Executive Chef Jiro Kobayashi stands behind ROKU’s sushi bar (Photo by Jean Trinh / LAist)
But he still embarked on a trip to Japan. Over the next four years, he would work six days a week and over 12 hours a day, doing “really intensive work,” Kobayashi says. He did the same chores day in and day out, like cooking rice or cooking. tamago (omelet egg).

“It was a bit monotonous, like ‘My God, why do I do this same bs every day?” remembers Kobayashi.

He remembers being impatient at that age, exploding with anger at times. He quit the restaurant twice, but came back, apologizing and asking to return to work. They took it back every time.

“These are the struggles that you sort of go through as you grow up in life, and you have to think through to make the right choices,” says Kobayashi. “When you make the right choices, you become a bigger person [and then] you succeed. So you just have to struggle. You learn your patience and you definitely build thicker skin. “


ROKU moat sashimi, with kumquat jam, lava salt and yuzu (Photo by Jean Trinh / LAist)
Kobayashi started shelling oysters and preparing smaller fish like sardines, but eventually got the chance to fillet bigger fish and perform larger tasks. “Then I fell in love with the culture above all, the beauty of Japan in general, and how detailed everything was in Japan, how great the work ethic was there, how great it was. so intense and how they’re so into perfection and wanting to be the best at what you do, “he says.” That’s what encouraged me to do what I’m doing now. “

After his stint across the Pacific, he returned to the United States, working in sushi restaurants in Southern California, before landing at Sushi ROKU as a sous chef in 1998. Kobayashi rose through the ranks. until the position of Executive Chef and recently landed the same role at IDG’s ROKU, a sushi and teppanyaki restaurant that opened on the Sunset Strip last November.

Nowadays he doesn’t care what other people think. While he still has a passion for traditional sushi, he admits he does things that other classically trained Japanese chefs don’t. It can garnish a crispy rice cube with pan-fried foie gras and a dollop of sweet kumquat jam, or add more western herbs like cilantro or basil to its offerings. But he says he always brings Japanese ingredients, like yuzu or shiso leaf, into the fold.

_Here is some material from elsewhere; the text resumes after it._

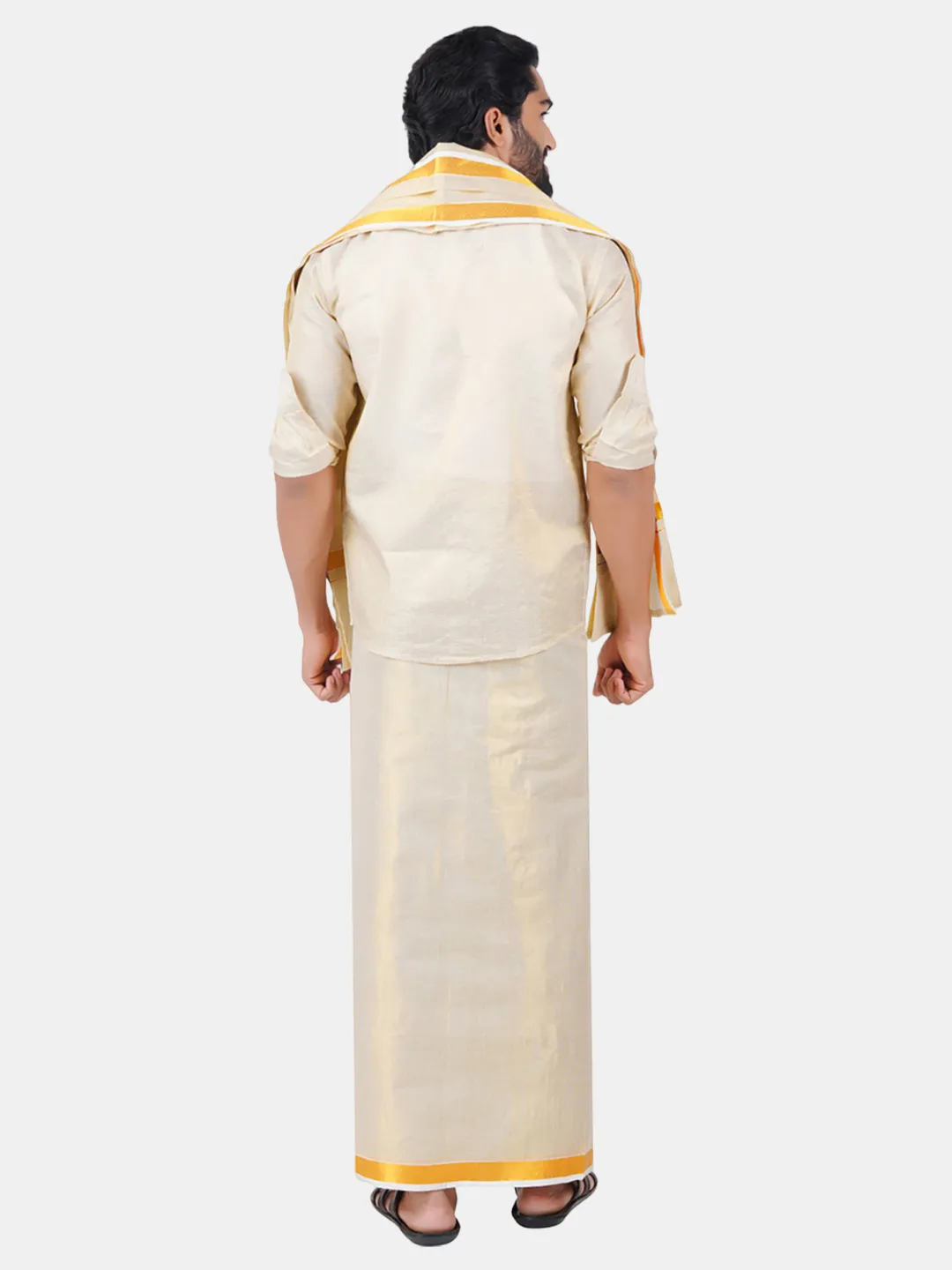 Product Details This versatile piece of fabric is an essential part of a man's wardrobe for weddings. The Mapillai Set contains one tissue gold colour unstitched shirt, one tissue gold colour double (1.28X4.00 mtrs) unstitched dhoti & one tissue gold single 4 yard (1.28X1.80 mtrs) Towel (Angavastram). A perfect wear for wedding combo 3 In 1 pack. Tissue fabric dhotis should be dry cleaned or hand washed with mild detergent to maintain their delicate texture and appearance.

Wagyu with grape sauce, Peruvian pepper and micro shiso (Photo by Jean Trinh / LAist)
Kobayashi wants to start incorporating ingredients into these dishes that are not as popular in the foreground right now, like ankimo (monkfish liver). To him, ankimo could get as hot as uni.

“I am constantly excited about working with fish every day,” he says. “I get excited every day about setting up the sushi bar and filleting all the big fish that I have… That’s when ideas come up, like, ‘Oh, what am I? can do with this fish today? “So every day is something new.”